Given entries:
□ □ □ □ □

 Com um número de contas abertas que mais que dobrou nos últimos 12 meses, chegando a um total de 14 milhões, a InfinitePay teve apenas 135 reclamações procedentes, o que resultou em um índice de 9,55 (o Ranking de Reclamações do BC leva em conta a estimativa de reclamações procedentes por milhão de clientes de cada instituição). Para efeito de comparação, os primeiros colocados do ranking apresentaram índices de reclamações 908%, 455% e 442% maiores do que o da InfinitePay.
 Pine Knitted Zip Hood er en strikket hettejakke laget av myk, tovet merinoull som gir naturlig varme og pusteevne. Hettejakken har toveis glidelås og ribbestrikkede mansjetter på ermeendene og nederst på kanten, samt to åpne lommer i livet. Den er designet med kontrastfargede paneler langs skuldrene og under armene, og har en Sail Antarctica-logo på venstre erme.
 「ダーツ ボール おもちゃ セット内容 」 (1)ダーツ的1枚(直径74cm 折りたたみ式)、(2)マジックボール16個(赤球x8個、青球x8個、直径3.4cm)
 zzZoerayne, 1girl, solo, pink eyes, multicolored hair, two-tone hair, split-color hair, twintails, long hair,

□ □ □ □ □

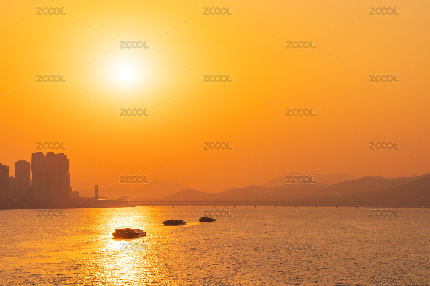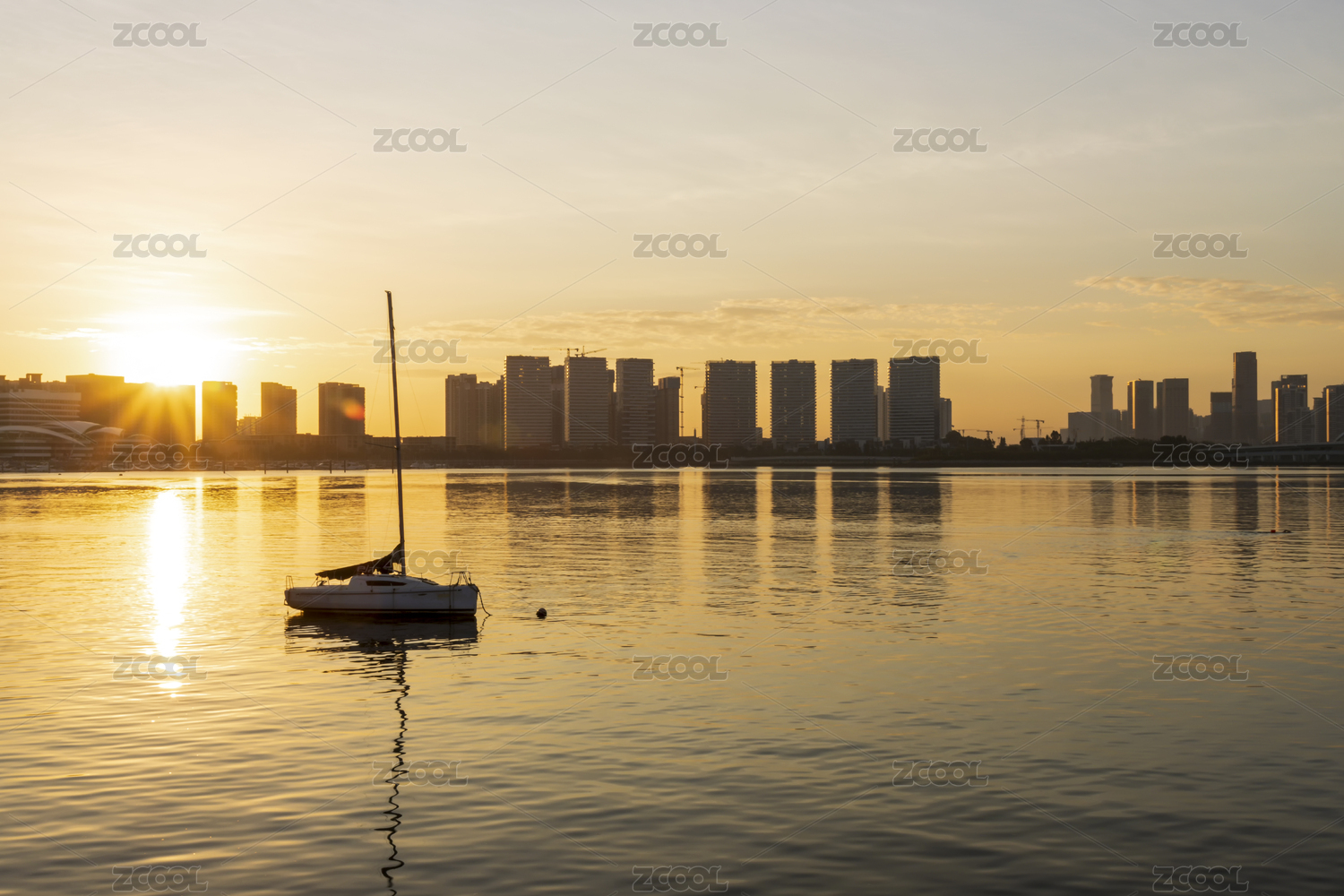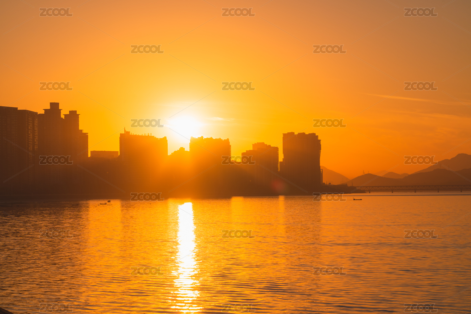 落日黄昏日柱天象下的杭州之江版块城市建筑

□ □ □ □ □

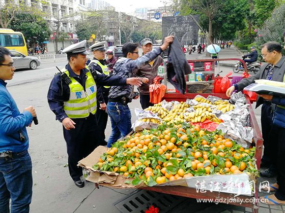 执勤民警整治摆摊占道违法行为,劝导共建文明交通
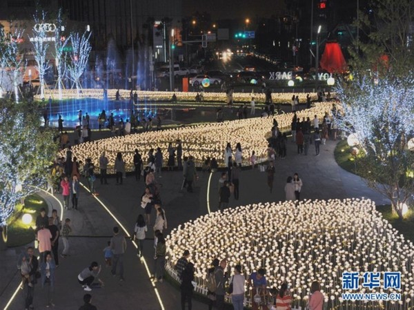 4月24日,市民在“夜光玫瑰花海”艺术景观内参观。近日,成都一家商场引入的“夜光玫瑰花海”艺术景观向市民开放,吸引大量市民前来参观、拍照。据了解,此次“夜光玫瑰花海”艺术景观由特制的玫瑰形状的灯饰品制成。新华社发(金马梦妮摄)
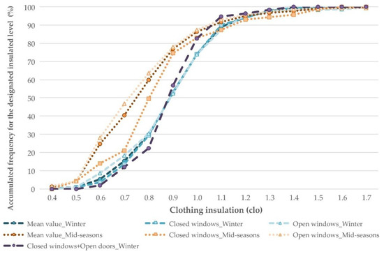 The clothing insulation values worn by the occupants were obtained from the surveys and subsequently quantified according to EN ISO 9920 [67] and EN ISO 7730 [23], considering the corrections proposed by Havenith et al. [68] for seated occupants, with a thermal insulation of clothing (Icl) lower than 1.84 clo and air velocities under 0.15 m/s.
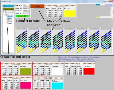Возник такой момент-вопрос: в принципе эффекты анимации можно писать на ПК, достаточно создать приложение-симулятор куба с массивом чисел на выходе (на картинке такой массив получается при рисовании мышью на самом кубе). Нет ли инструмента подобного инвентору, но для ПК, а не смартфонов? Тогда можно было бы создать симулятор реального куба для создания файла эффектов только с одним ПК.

□ □ □ □ □

Assignment:
Starting with the line with "ボール おもちゃ セット内容" above and going on through the line with "zzZoerayne, 1girl, solo, pink", transcribe every line exactly, both ends included, and add nothing.

Exercise result:
 「ダーツ ボール おもちゃ セット内容 」 (1)ダーツ的1枚(直径74cm 折りたたみ式)、(2)マジックボール16個(赤球x8個、青球x8個、直径3.4cm)
 zzZoerayne, 1girl, solo, pink eyes, multicolored hair, two-tone hair, split-color hair, twintails, long hair,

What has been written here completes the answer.